The incentive, as with deregulation , was on short term gain.

MoriaMordor was formed at a fortuitous moment. It arrived only one year after the release of the iPhone.

The iPhone was a smartphone introduced into the market by Apple. Smartphones were small computers which performed almost all the tasks of bigger computers but also functioned as a cellular telephone.

The iPhone was a leap forward for smartphones because of two features: (1) Its display and interface employed multitouch glass, which meant that its users dragged their fingers around its physical surface to make the iPhone do their bidding, smearing the grease of their flesh as they commanded the technology. (2) Apple built an interface for the iPhone which allowed its users to both create and buy additional iPhone software while using the iPhone.

This type of software was called an application , but was better known by the colloquial name app. You could buy apps in the Apple App Store.

In 2010, Apple had introduced a new product called the iPad.

The iPad was an iPhone with a bigger screen and no ability to function as a cellular phone. The iPad was a tablet.

It could run all of the apps that people used on their iPhones.

Most apps were developed on the principle of the lowest common denominator, working off the general assumption that stupidity was the baseline of the human experience.

If an app was developed with stupidity in mind, and if stupidity was the baseline of the human experience, then perhaps hundreds of thousands, if not millions, would download this app.

Some apps cost money. Others were free and served advertisements.

Apps were incredible growth opportunities. The burgeoning mobile market was creating hundreds, if not thousands, of new businesses around the Bay Area. Each of them needed funding.

Around the time that Adeline committed her unforgivable sin, Erik had begun a formal monetary relationship between MoriaMordor and a company called Lifechoosey.

Lifechoosey was a platform with a social media overlay which focused on men’s fitness. It offered good deals on gyms and personal trainers. It allowed its users to recommend the best places to workout. It had both a website and multi-OS smartphone apps .

Between rounds of power masturbation and screwing out Adeline’s brains, Erik Willems had analyzed the market research and feasibility studies on Lifechoosey. He spoke with its founders, a pair of undergraduate students at Stanford University.

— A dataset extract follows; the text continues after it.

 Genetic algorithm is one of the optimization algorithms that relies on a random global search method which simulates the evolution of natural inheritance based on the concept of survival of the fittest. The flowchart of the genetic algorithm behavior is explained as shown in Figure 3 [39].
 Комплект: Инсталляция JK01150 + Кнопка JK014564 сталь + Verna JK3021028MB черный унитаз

MoriaMordor gave Lifechoosey $5,000,000 in funding.

In exchange, MoriaMordor gained an equity stake in the company, represented by a significant amount of stock options, and some controlling interest in the company’s destiny, represented by two seats on its board.

Contingent upon his investment of the limited partners’ money, Erik Willems demanded that Lifechoosey change the company’s name.

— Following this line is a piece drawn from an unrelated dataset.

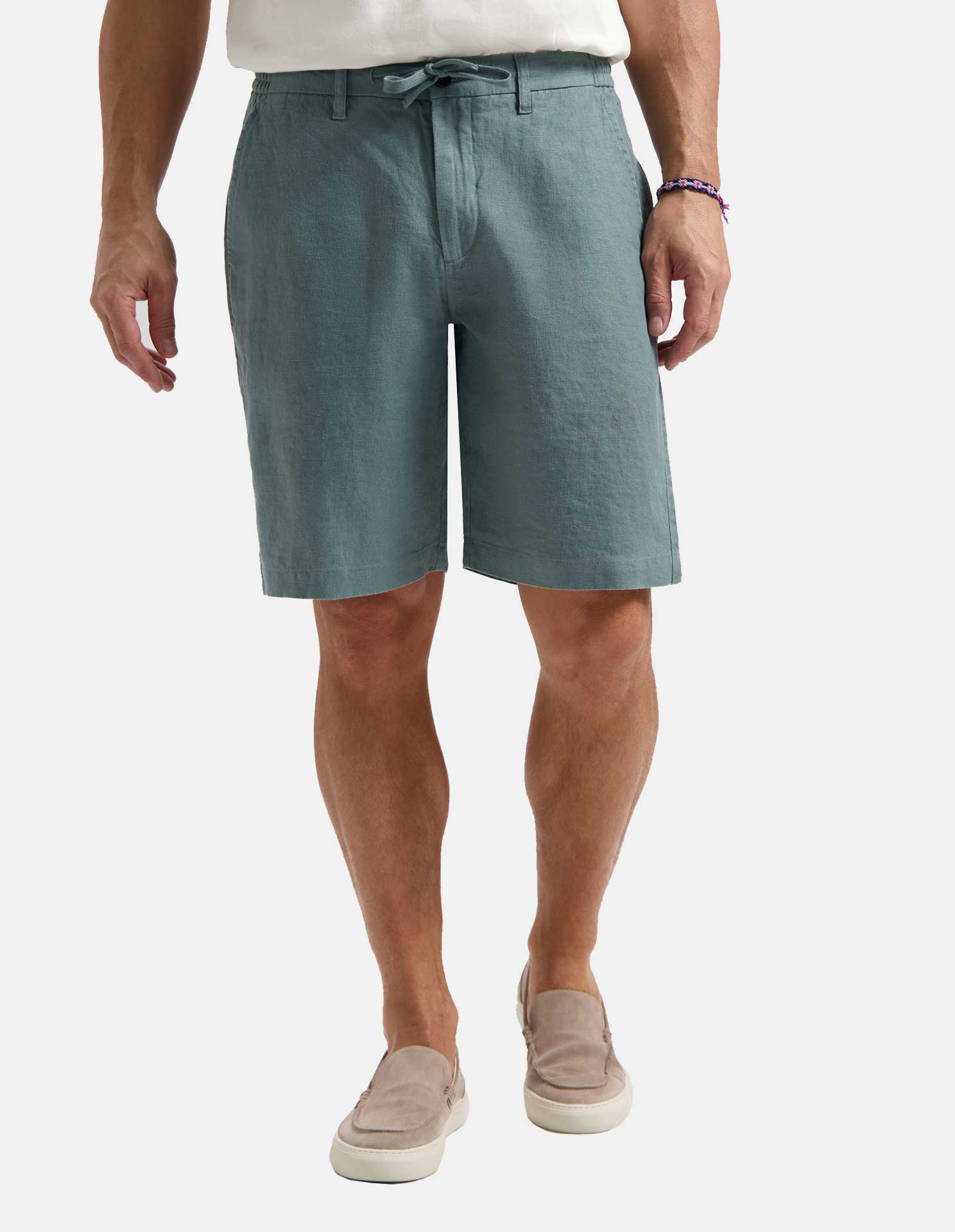 Teal Linen Drawstring Shorts

Lifechoosey became Bromato, which was a portmanteau of bro, a slang term for young straight men interested in physical pleasure, and the three syllables of tomato without the determining ‘t.’

A bro was the target audience. Omato induced visions of the ripe healthy swollen fruit.

Thus was Bromato born.

The thing to remember is that the venture capital fund managed by Erik Willems could not make long term investments. It had a limited term of ten years.

He was bound to find quick returns on the invested money.

Limited terms ensured that venture capital outfits like MoriaMordor had a unique metric by which they measured a company’s success.

To be a success for MoriaMordor, Bromato did not need to make a profit.

If Erik Willems invested $5,000,000 in Bromato for a 20 % equity stake, this would set the valuation of Bromato at $25,000,000.

This valuation was determined by ideas and processes developed through years of investing. In theory, the valuation was meant to reflect the growth potential of the company and its potential earnings.

In actuality, the valuation of Bromato was meaningless. It existed in a complex and random system. Bromato offered an entirely new and untested service in an ultra-niche market.

Erik Willems could have arrived at an equally valid number by standing in Golden Gate Park’s Sharon Meadow, the place where all the old hippies held drum circles, counting the number of farts that drifted beneath his nose and multiplying the number by one million.